Foto: DW/P. Borralho Ndomba
"Este julgamento é uma palhaçada"
Numa das sessões do julgamento, os ativistas levaram vestidas t-shirts com autocaricaturas como palhaços. Nito Alves disse em tribunal que o julgamento era uma palhaçada. Foi julgado sumariamente por injúria e condenado a 6 meses de prisão efetiva. Ativistas alertam que o estado de saúde de Nito Alves é grave e que Nito foi transportado numa maca para o tribunal de Luanda para ouvir a sentença.
Foto: Central Angola 7311
Nuno Dala em greve de fome
Como forma de reinvindicar o acesso a contas bancárias e entrega de pertences, Nuno Dala entrou em greve de fome a 10 de março. Gertrudes Dala, irmã do ativista, lamentou a reação da sociedade civil e a defesa alertou para a situação financeiramente "delicada" da família. Outros ativistas também passaram por dificuldades durante a prisão domiciliária.
Foto: DW/P.B. Ndomba
Ativistas são condenados
O tribunal de Luanda condenou, a 28 de março, os 17 ativistas angolanos. Domingos da Cruz, tido como "líder", deverá cumprir 8 anos e 6 meses de prisão efetiva. Luaty Beirão foi condenado a 5 anos e 6 meses. Rosa Conde e Benedito Jeremias foram condenados a 2 anos e 3 meses de prisão. Os restantes foram condenados a 4 anos e 6 meses. A defesa e o Ministério Público vão recorrer da decisão.

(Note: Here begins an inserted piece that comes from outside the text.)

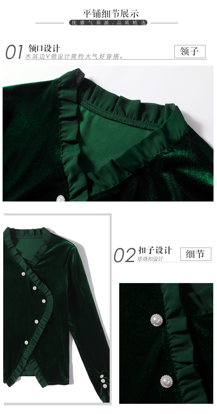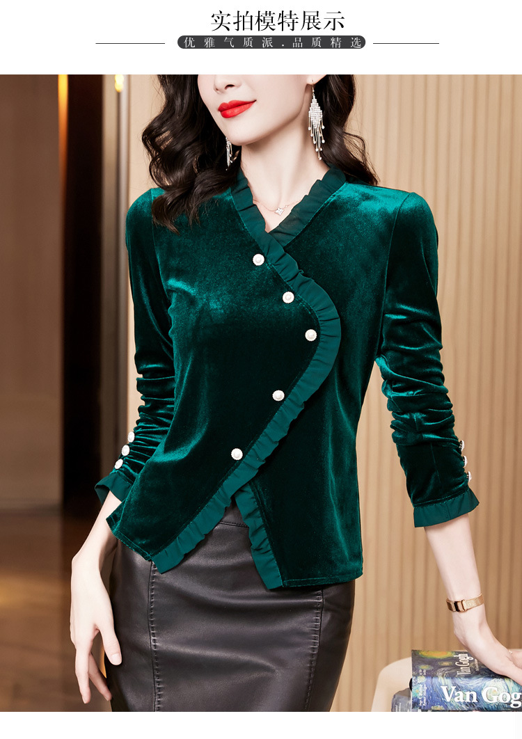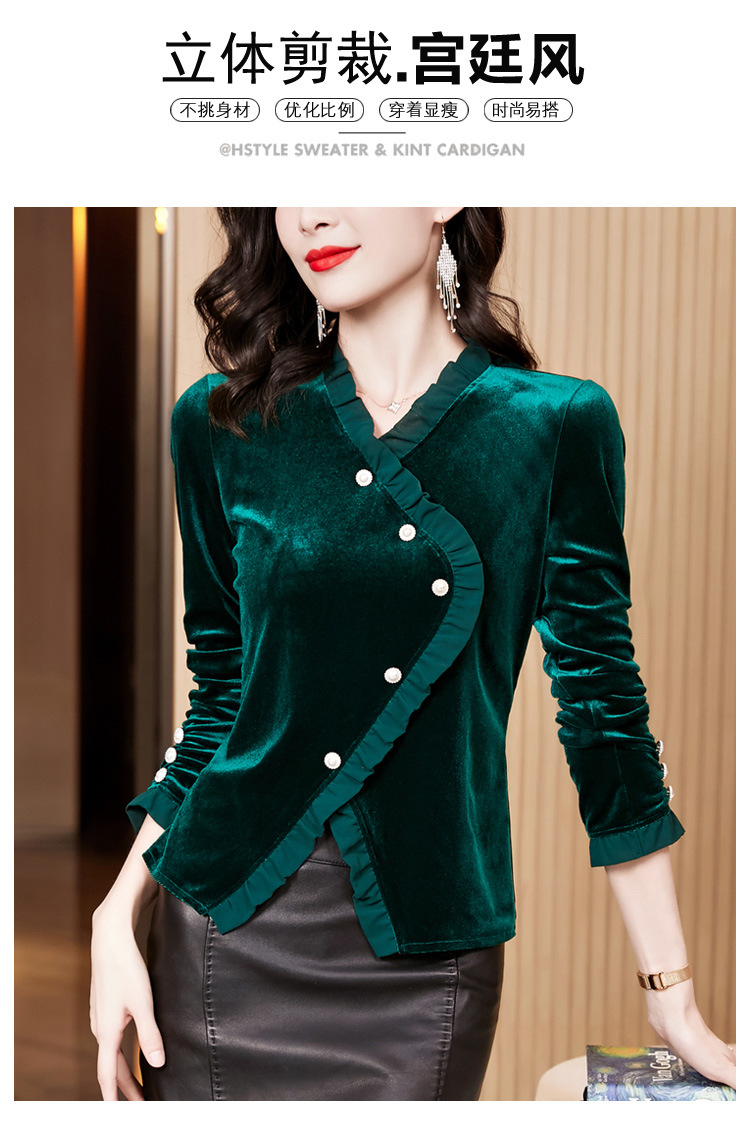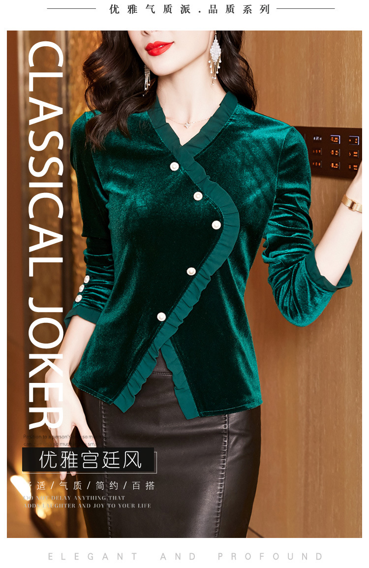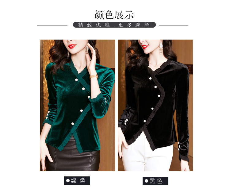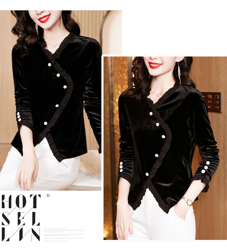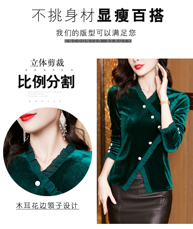 气质百搭,丝绒洋气V领纽扣长袖T恤修身显瘦打底上衣KQL-M2368

Foto: picture-alliance/dpa/P. Juliao
"Dia triste para a liberdade de expressão"
"Este é um dia muito triste para a liberdade de expressão e de associação", disse Ana Monteiro, da Amnistia Internacional, reagindo às sentenças. "Não deveria ter existido sequer um julgamento. Estamos a falar de cidadãos angolanos que estavam reunidos a falar sobre liberdade e democracia". Zenaida Machado, investigadora da HRW, considerou a condenação ridícula.